Habe mir ein System zusammengestellt:




			Dieser Inhalt steht nur eingeloggten Mitgliedern zur Verfügung.
        





Meine Frage ist nun:
Reicht ist dies für meine Ambitionen?
Falls ja; auch ein paar Jahr (knapp 3)?

Mir kommt es auf ein flüssiges Spielen während der Aufnahme an und der Rechner sollte natürlich nicht zu laut sein...


Danke für ein Feedback.


----------



## Herbboy (9. Februar 2017)

Das ist nicht schlecht, bis auf zwei Sachen: das Netzteil taugt echt nix, da nimmst du lieber ein zb Be Quiet L8 500W 500 Watt be quiet! System Power 8 Non-Modular 80+ , wenn es günstig sein soll. Aber zu sehr sparen sollte man nicht, das hat schon seinen Grund, warum es sogar Netzteil mit nem Nennwert von "nur" 400-450W gibt, die über 80€ kosten.

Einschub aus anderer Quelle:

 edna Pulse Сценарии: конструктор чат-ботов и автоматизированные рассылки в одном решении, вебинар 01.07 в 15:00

Dann die CPU: die ist extra zum Übertakten gedacht, auch der Mugen 4 ist eher zum Übertakten gedacht. Du hast aber ein Mainboard, mit dem das nicht geht. Entweder du musst ein Z270-Board für eher 120-130€ nehmen, oder aber du lässt es mit dem Übertakten sein. Dann stellt sich aber die Frage, ob der Mehrtakt des 7700K den Aufpreis zu einem i7-7700 "ohne K" Wert ist, und ob denn nicht sogar ein Xeon E3-1231 v3 das beste wäre, der fast identische Power wie ein i7-6700 bzw 7700 hat. Der hat auch 8 Threads wie der i7-7700K, du zahlst aber für den Xeon nur 260€. Beim Mainboard reicht dann ebenfalls eines für 70-80€ dicke aus., aber es müsste eines mit dem Sockel 1150 sein, denn der Xeon ist für den den Sockel 1150. Für den 1151 gibt es keine lohnenswerten Xeons, da du dann wiederum ein spezielles, teures Board braucht. Für den Sockel 1150 brauchst Du aber auch DDR3-RAM. Vlt hast du da ja noch welches? Was hast du denn aktuell für nen PC?

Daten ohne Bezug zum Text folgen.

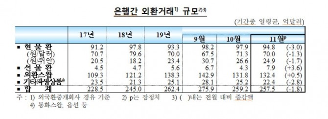 지난 11월 외국환 중개회사를 경유한 국내 은행 간 일평균 외환거래 규모는 257억5000만 달러로 전분기 거래량인 279억2000만 달러보다 1억8000만 달러 감소했다. 국내 외환시장은 국내 경제지표 부진이 지속되는 가운데 미·중 무역협상 불확실성 재부각, 홍콩·위구르 인권법안에 따른 미·중간 갈등 우려 등 대외리스크 요인에 영향을 받았다.

Wenn du den Xeon nimmst, dann "hält" der nicht so lange wie ein i7-7700K, weil der irgendwann durch seinen Takt dann doch einen Vorteil haben wird. Aber aktuell ist der Xeon kaum langsamer, und wenn du vlt ein Jahr früher aufrüsten "musst", hast du halt trotzdem 100-120€ gesparte (CPU günstiger, und als Kühler reicht ein Ben Nevis für 23€ dicke aus ohne Übertakten).

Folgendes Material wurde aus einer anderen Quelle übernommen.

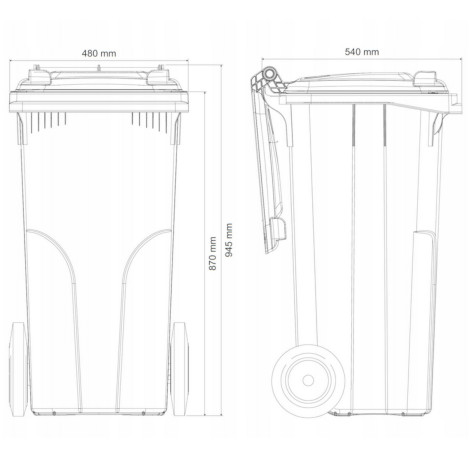 Manufacturer's code: 0004-5 Certified Container, municipal waste municipal waste made by the European leader, Austrian company Europlast. Trash can It was made of high quality ecological materials. Find your tasks in the most difficult conditions during everyday intensive operation. The most important advantages: - UV-resistant - resistant to low and high temperatures (not intended for storing hot ash) - The smooth surface prevents waste from gluing. - resistant to weather conditions. - produced from materials suitable for re-processing - does not contain any cadmium - aesthetic look - Wheels from a full tire, embedded on a steel axis Specification Weight (kg) - 9 Capacity (L) - 120 Sizes (mm) - 480 x 540 x 950 Color - brown A place to mount a chip transponder. Hook / edge Emptying with its construction comb and rotary, gantry or hook The loading mechanism of vehicles designed for waste collection. Certificates: - DIN EN 840-1, EN 840-5, EN 840-6 - RAL-GZ 951/1 - PZH ATST Included: - Waste bucket 120l Brown - Wheels on a steel axis

Ansonsten ist zumindest die CPU, egal ob Xeon 1231 v3 oder i7-7700K, eine Basis für bestimmt 5 Jahre. Es kann aber sein, dass die Grafikkarte "schon" in 2 Jahren nicht mehr die dann neuen Spiele packt, aber nennenswert besser wird es erst mit ner GTX 1070 ab 400€. Für Dein Budget ist eine RX 480 oder GTX 1060 ideal. Und wenn du bei den Games auch sowieso nicht die grafisch sehr aufwendigen neuesten Titel spielst, dann reicht die Grafikkarte auch sowieso doch länger als 2 Jahre.


----------



## CoDBFgamer (9. Februar 2017)

Grundsätzlich kann ich Herbboy nur zustimmen.
Jedoch bevor du jetzt vorschnell einen neuen PC zusammenstellst würde ich noch etwa ein Monat warten und schauen, wie sich die neue AMD Ryzen CPU schlägt. Wenn die aktuellen Gerüchte stimmen, könntest du für den Preis bereits einen 6 oder gar 8-Kerner.


----------



## Herbboy (9. Februar 2017)

CoDBFgamer schrieb:


> Grundsätzlich kann ich Herbboy nur zustimmen.
> Jedoch bevor du jetzt vorschnell einen neuen PC zusammenstellst würde ich noch etwa ein Monat warten und schauen, wie sich die neue AMD Ryzen CPU schlägt. Wenn die aktuellen Gerüchte stimmen, könntest du für den Preis bereits einen 6 oder gar 8-Kerner.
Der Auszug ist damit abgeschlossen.